The focus should be on 'what if he isn't lying?'

contrary13 · 13/10/2019 10:14

@Harriett123
"This often leads to misdiagnosis of early onset genetic neurodegenerative disease such as huntingtons or familial alzheimer's disease. This can be avoided by knowing about genetic familial links that doctors can search for."

Absolutely ^^ this, with bells on. I have a genetic neurological disease, which I inherited from my biological grandfather, as it turns out. Because my grandmother wouldn't admit that "the family friend" was, in fact, my mother's biological father, when I began displaying symptoms of the disease at the age of 10... I was labelled as "clumsy" and "accident-prone", "forgetful" and "absent-minded". Had my mother known who her biological father was, she would have made the connection - but she didn't. I remained untreated, until it was too late for any real difference/reversal to be made. Such is life. My 14 year old son is showing similar clumsiness, and whilst yes; it could be simple teenager falling over their own feet... I worry that I've inadvertantly passed it on (I was diagnosed when he was 9 and his sister 17 - she's never shown any symptoms). I had genetic counselling, was part of a big trial being run through one of the top London hospitals - and mentioned my concerns regarding my son.

And was informed that they don't test a child, unless they're showing absolute symptoms, until they are 18 years old and ask for it themselves (which just seems wrong to me somehow, although I do understand their reasoning).

So like the OP, I have to worry about my child having inherited the markers for what I have, knowing that it led to the death of "the family friend" who turns out to have been my biological grandfather.
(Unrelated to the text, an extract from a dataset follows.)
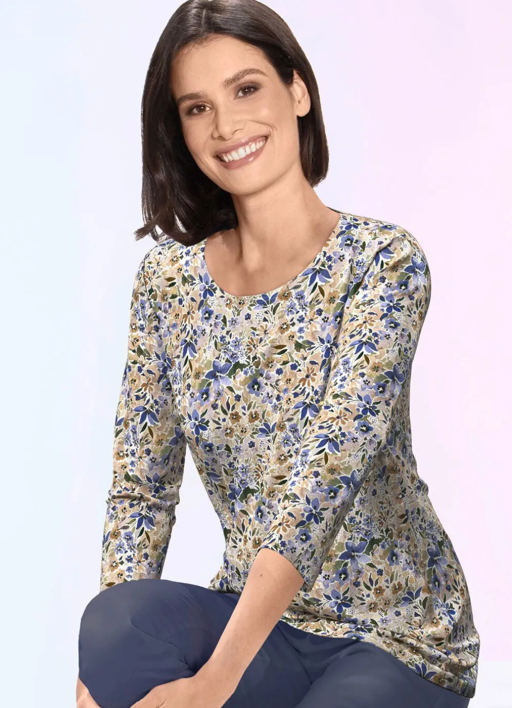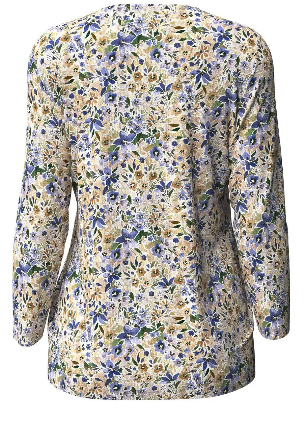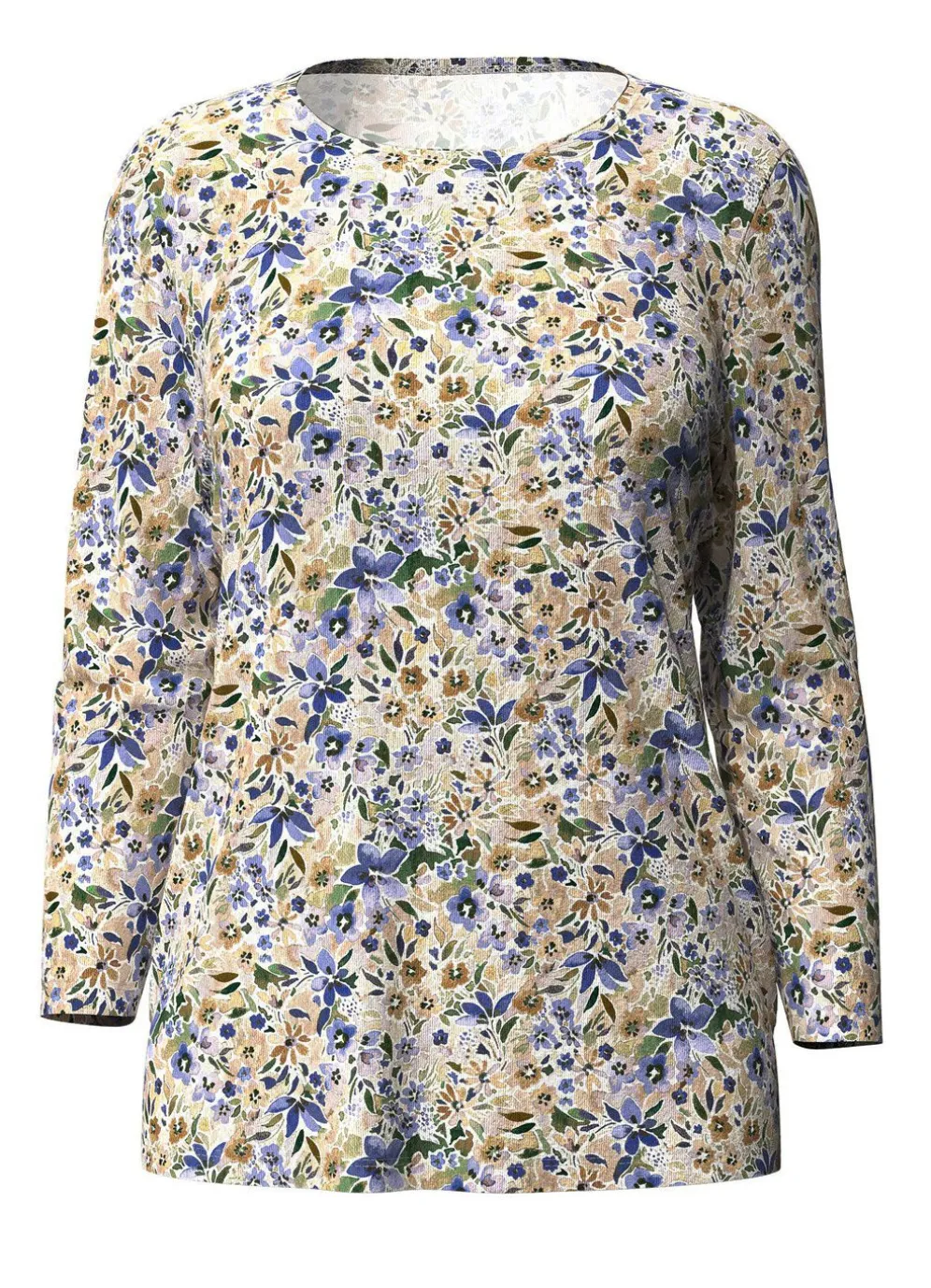 Jedes Teil ein Unikat! Pullover mit floralem, farbbrillantem Alloverdruck in Beige-Blau-Multicolor, rundem Halsausschnitt sowie 3/4-langen Ärmeln.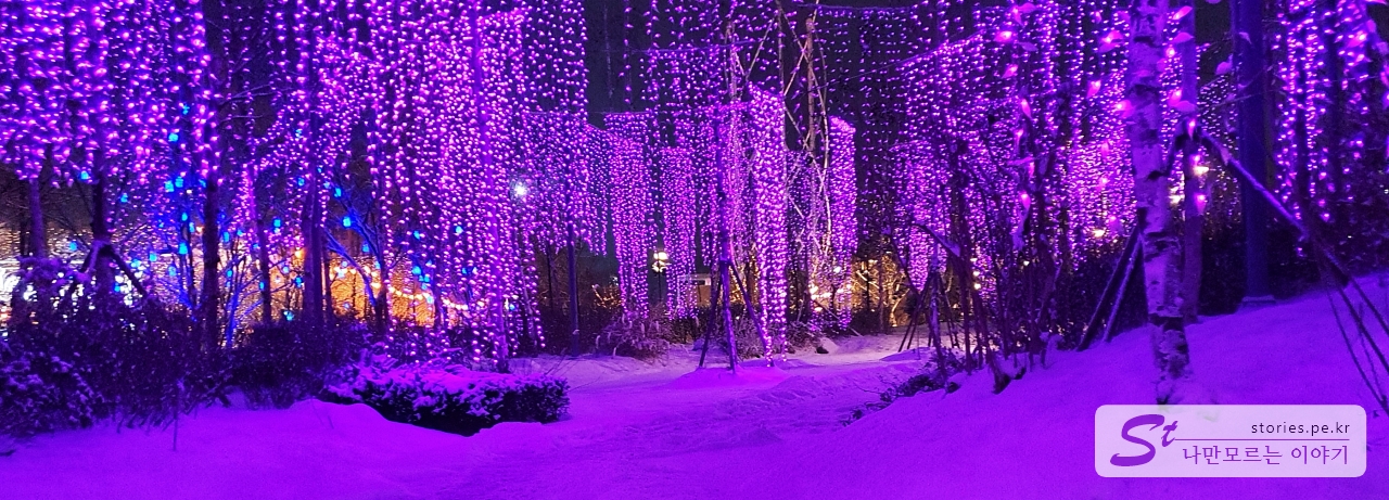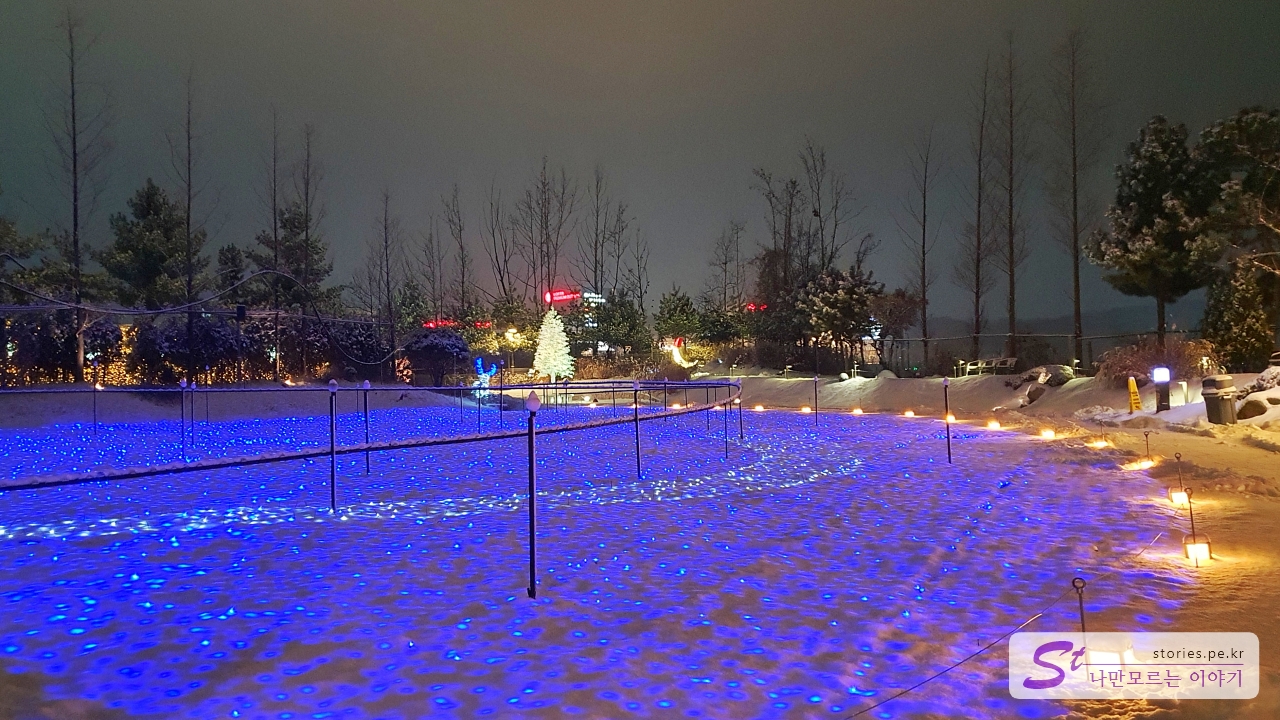 조금 걷다 보면 불빛 호수를 볼 수 있습니다. 조명을 바닥에 깔아서 움직이는 조명을 만들어 놨습니다. 그 위에 살짝 눈이 덮여있어서 눈에 반사된 조명으로 멋진 모습이 연출되었습니다.

Two of his other children and one other grandchild have the same condition. My mother must have been a carrier, but because of my grandmother's duplicity... no one knew until it was too late and my brothers and I were already here!

OP, there is a 50% chance that he's not lying. But there is also a 50% chance that he is. You need to talk to your GP, make sure your ex can't hurt you, and certainly don't expose your daughter to him (although I'm sure you already know this). Either way, you need informed support. But if there is any possibility of your ex having this disease, as another poster says: you will have to warn your daughter when she's old enough to have children of her own (if, indeed, she wants to have children). Just in case. Especially if you know, for a fact, that there was an aunt who definitely had Huntington's Disease. Might it actually have been something similar, but not?